Selbst nach einer gerichtlichen Aufhebung der Befragung und einer äußerst positiven Bewertung eines schweizer Verkehrsplaners behaupteten einige Gruppierungen weiterhin, die Verlängerung sei von der Bevölkerung nicht gewollt, die Linie nicht notwendig oder die Auswirkungen auf die Umwelt seinen nicht tragbar.

Doch FAHRGAST und die Pro-6er-Bügerinitiativen betrieben weiter unablässig Lobbying und erreichten schlussendlich sogar, dass die Frage nach der Verlängerung zum Kernthema bei den Gemeinderatswahlen 2003 wurde.

Schließlich sei auch noch der Grazer Verkehrsstadtrat Gerhard Rüsch erwähnt, der den Langen Sechser letztendlich durch den Gemeinderat brachte und somit die Bemühungen aller Aktivisten endlich belohnte.

Zukunft

Ein derart wichtiges Projekt stellt in Graz natürlich auch ein Signal dar, dass die Stadt Graz aktiv an der Verbesserung des Öffentlichen Verkehrs arbeiten will. Seitens des Amtes für Verkehrsplanung gibt es zahllose spruchreife Straßenbahnprojekte, die aufgrund der positiven Erfahrungen mit den letzten drei Verlängerungen ehebaldigst realisiert werden sollten.

Sonntag, 19. August 2007

Tafeln für den Ersatzverkehr

FAHRGAST hat einen großen Erfolg zu verbuchen: Bei Schienenersatzverkehren weigerten sich die GVB bekanntlich beständig, Routentafeln anzufertigen. FAHRGAST produzierte daher auf eigene Rechnung Routentafeln für die Ersatzbuslinien 36, 36E und SE5.

Die laminierten A3-Bogen zum Stückpreis von nur 1 Euro wurden an den GVB-Direktor übergeben und eine Woche später hatten die GVB sämtliche Ersatzbusse mit eigens nachproduzierten Tafeln ausgestattet. Sehr positiv dabei war, dass die meisten FAHRGAST-Anregungen in die Tafeln eingflossen sind.

FAHRGAST hofft, dass auch bei zukünftigen Ersatzverkehren auf diese einfache und kostengünstige Lösung zurückgegriffen wird.

Freitag, 20. Juli 2007

Graz: 12-Minuten-Intervall in den Ferien

Bis auf zwei Linien (30 und 77) gibt es in Graz während des Normalfahrplanes keine Linie mit einem 12-Minuten-Takt untertags mehr. Das hat gute Gründe, denn 12-Minuten-Takte bieten überhaupt keine Merkbarkeit bei gleichzeitig nur minimal besserem Angebot als ein Viertelstundentakt.

FAHRGAST fordert schon seit langem, dass 12-Minuten-Takte grundsätzlich nicht eingeplant werden sollten, da bereits das unterschiedliche System mit Linien sowohl im 10/20-Minuten-Takt als auch im 7,5/15-Minuten-Takt bei der Anschlussplanung problematisch genug ist.

In den Ferien jedoch feiern 12-Minuten-Takte fröhliche Urständ': nicht nur alle Linien, die sonst im 10-Minuten-Takt fahren, verkehren alle 12 Minuten, am Samstag kommen (wo normalerweise weitgehender 10-Minuten-Takt herrscht) fast alle wichtigen Linien im 12-Minuten-Takt.
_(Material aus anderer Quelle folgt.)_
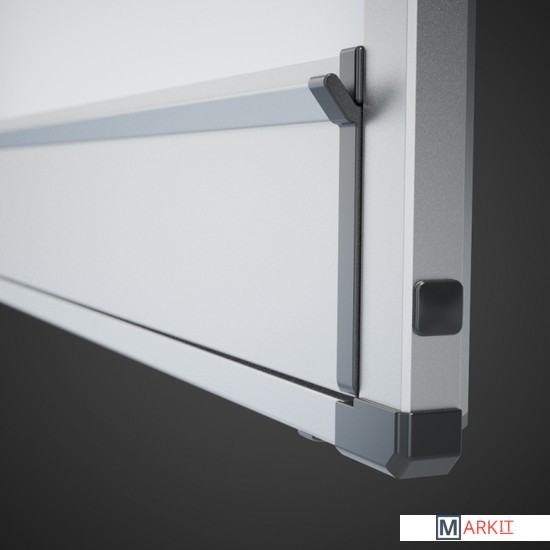 Доска StarBoard – это элегантный, современный дизайн и безупречное качество исполнения. Поверхность магнитно-маркерная для письма маркерами и крепления информации с помощью магнитов. Профиль из анодированного алюминия. У доски имеется две полки, встроенные в нижнюю часть. Для обеспечения прочности, доска с обратной стороны доски усилена оцинкованным листом стали. Крепление к стене с помощью регулировочных винтов. Доска комплектуется крепежным комплектом, 12 магнитами, 4 маркерами и фирменной магнитной щеткой.
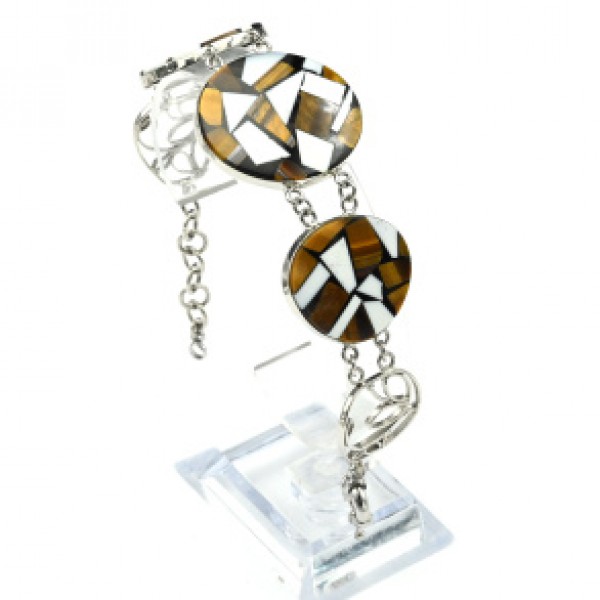 Браслет "Мозаика" из тигрового глаза и кахолонга, 18,5см.
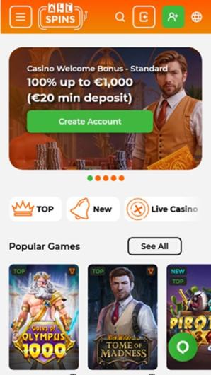 Lit by neon lights and filled with the best online slots and live dealer games, AllSpins Casino has done a great deal of work to offer something for everyone. The website greets new customers with a nice selection of welcome packages, ensuring every player can choose their perfect fit. Launched in 2024, AllSpins is not just an online casino but also a comprehensive sportsbook, available in multiple languages, accepting punters from different countries.
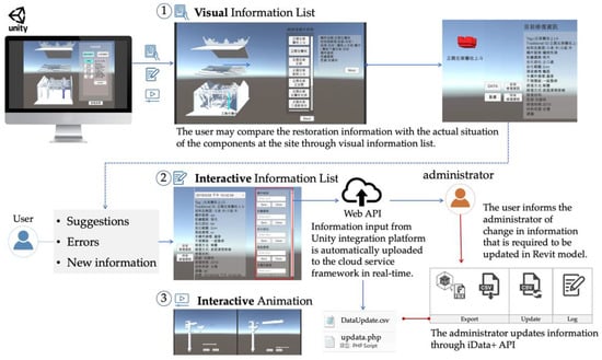 Taking users’ implementation of the integration platform project at the restoration site as an example (Figure 7): (1) The user can review the information of any restored components or components awaiting restoration in the project through the “visual information list” option (refer to the circle number 1 marked in Figure 7), conduct comparisons of the actual components at the restoration site, and browse components at various stages of restoration. (2) When the user finds any error in the component information and has to revise the component information or add restoration suggestions, the user can input and store the updated information content through the text box in the “interactive information list” (refer to the circle number 2 marked in Figure 7), and the updated information will be automatically uploaded in real-time to the cloud service framework (WebAPI). The restoration information may be added or overlain continuously through such lists and may be compared with the restoration information of the same component at different stages in the list. Upon completion of information updating on the platform, the user updates the Revit model information through the plug-in programming interface (iData+) of the platform administrator. (3) Since the Revit platform only has the function of viewing the model, this platform provides the application of the “interactive animation” option (refer to the circle number 3 marked in Figure 7). In addition to providing simple animation of the camera path, it also provides interactive animation of the disassembly and assembly of building components, which is more in line with the needs of restoration designs for historic buildings and assists in the communication between the design end and the construction end. In the future, its function development may be customized according to the user’s needs.
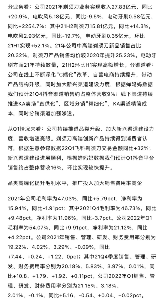Q1业绩同比降低约55.3%,主要受1)深圳部分地区疫情管控,使得公司生产和出运计划收到负面影响;2)公司根据年初制定的研发计划和预算,将2022年的研发开支提至16.8亿元(2021年为6.7亿元人民币),使得单季度研发开支同比有较大增幅。我们认为,由于国内电子烟监管正处于过渡期,国内电子烟市场零售店主观望情绪较重,因此品牌上游订单在近期相对较弱;在国内监管及运行体系开始顺利实施后,我们认为国内电子烟市场销售有望在下半年步入正轨,公司国内外业务均有望呈现较好增长趋势。
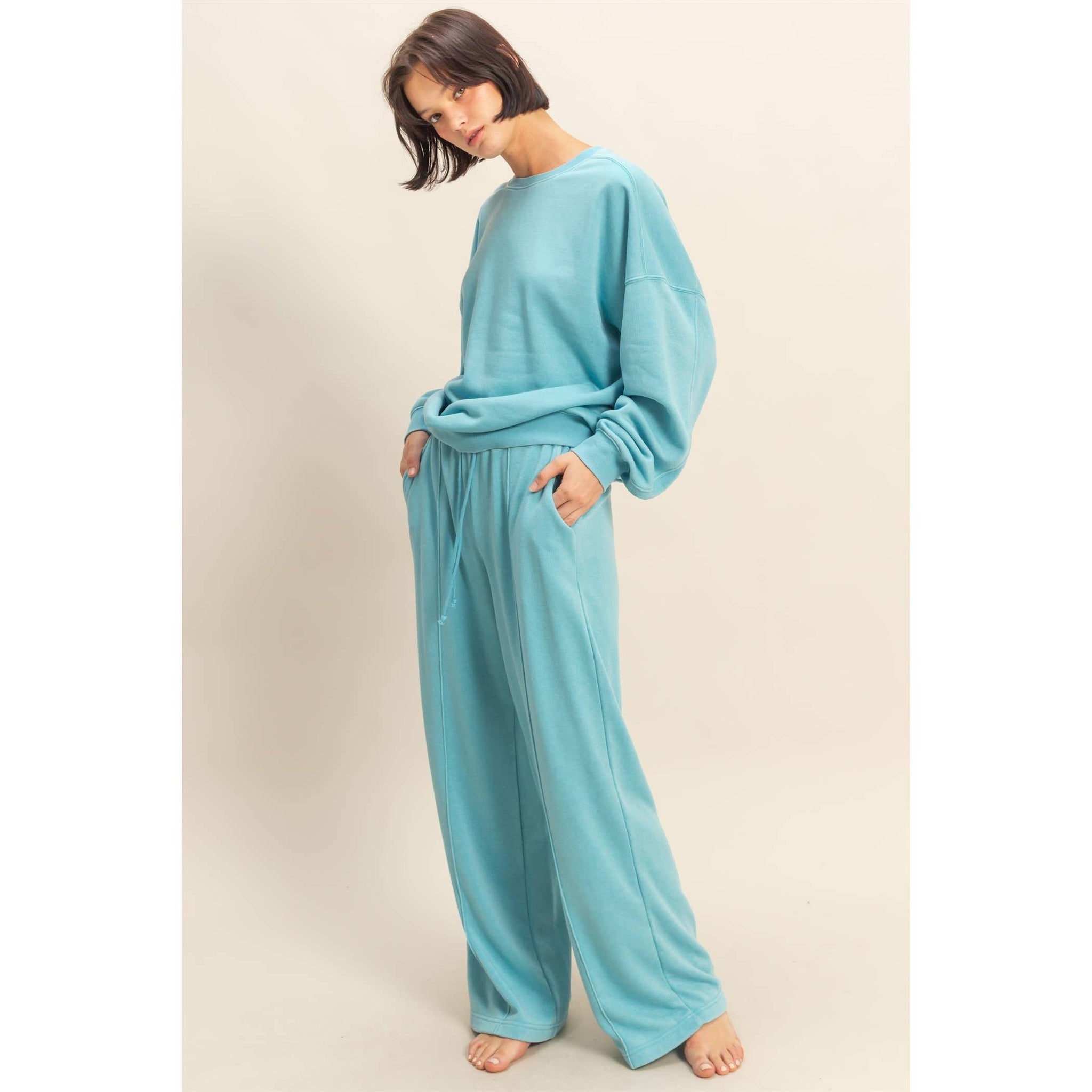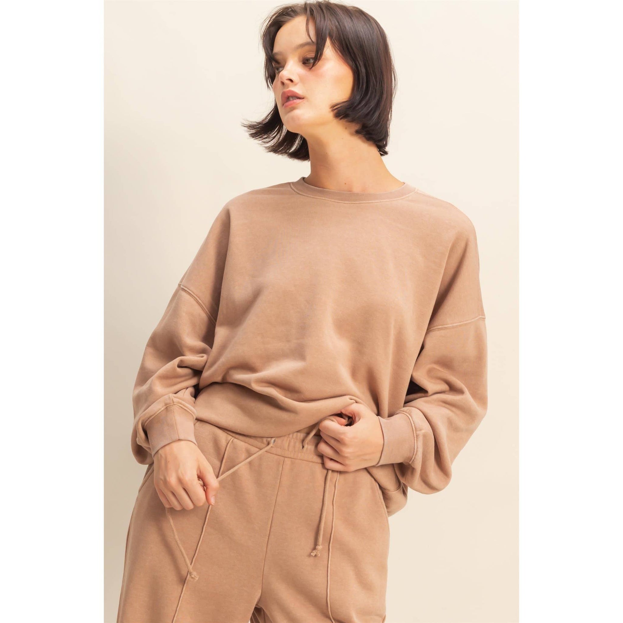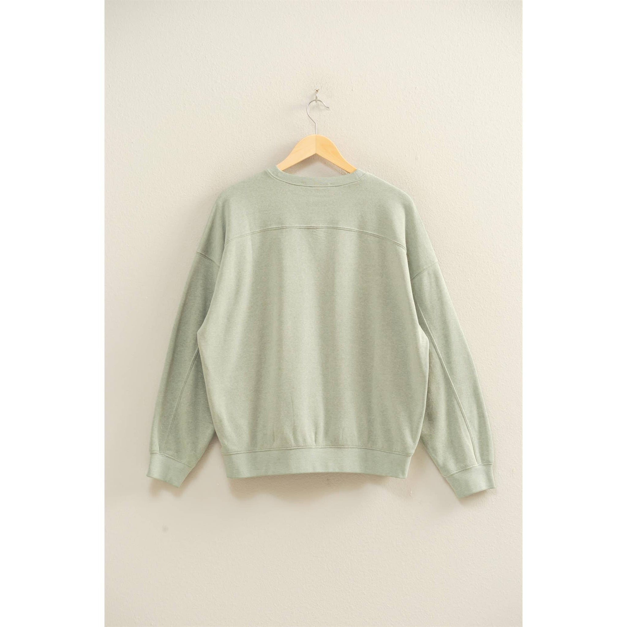 Start your day in a Clean Slate โ๏ธ This relaxed-fit crewneck has a laid-back silhouette with cinched cuffs + hem for a flattering shape. Soft sage green makes it an instant outfit maker โ pair it with your favorite joggers or throw it on with jeans for that effortless vibe ๐ต

Um aber die Außenlinien weiterhin gut an die Innenstadtlinien anbinden zu können, bedeutet das für diese, dass sie abwechselnd alle 12 bis 24 Minuten fahren. Zwar fahren diese Linien seit dem letzten Sommer wenigstens jede Stunde gleich, merkbar oder attraktiv ist das allerdings nicht, das Umsteigen in Tangentiallinien (im 15-Minuten-Takt) verkommt zur Glückssache.

FAHRGAST fordert ebenfalls schon länger, dass der Ferienfahrplan mit generell ausgedünnten Intervallen abgeschafft wird. Stattdessen sollten die Linien im gleichen Takt wie normal, nur ohne Frühspitze verkehren. Das kostet zwar mehr, doch gibt es etwa am Vormittag, wo zu Schulzeiten eher weniger Verkehr als in den Ferien ist, keinen Grund für diese Ausdünnung, ebensowenig am Samstag. Dem Wegfall der Schüler ist unserer Meinung nach mit dem Wegfall der Frühspitze bereits ausreichend Rechnung getragen.

Freitag, 20. Juli 2007

Nicht schlecht: Ersatzverkehr Straßenbahnlinie 6

Diesen Sommer werden in Graz die letzten Teilstücke der Straßenbahnlinie 6, zwei Stellen in der Münzgrabenstraße, erneuert.
Da dabei die Münzgrabenstraße weder zwischen Dietrichsteinplatz und Steyrerfasse noch zwischen Steyrergasse und Moserhofgasse befahrbar ist (man damit die Wahl hat zwischen einer Bedienung der Haltestelle Neue Technik oder Moserhofgasse), haben die GVB den Ersatzverkehr auf zwei Linien aufgeteilt: die Linie 36 fährt über die Conrad-von-Hötzendorf-Straße und die Fröhlichgasse zur Haltestelle Moserhofgasse und weiter nach Raaba, während die Linie 36E von der C.-v.-Hötzendorf-Straße zur Steyrergasse mit der Haltestelle Neue Technik und weiter zum St. Peter Schulzentrum verkehrt. Die Linien halbieren einander jeweils im 15-Minuten-Takt (wodurch man ein 7,5-Minuten-Intervall nach St. Peter hat), die Linie 36E verkehrt nur Montag bis Samstag und nicht im Abendverkehr.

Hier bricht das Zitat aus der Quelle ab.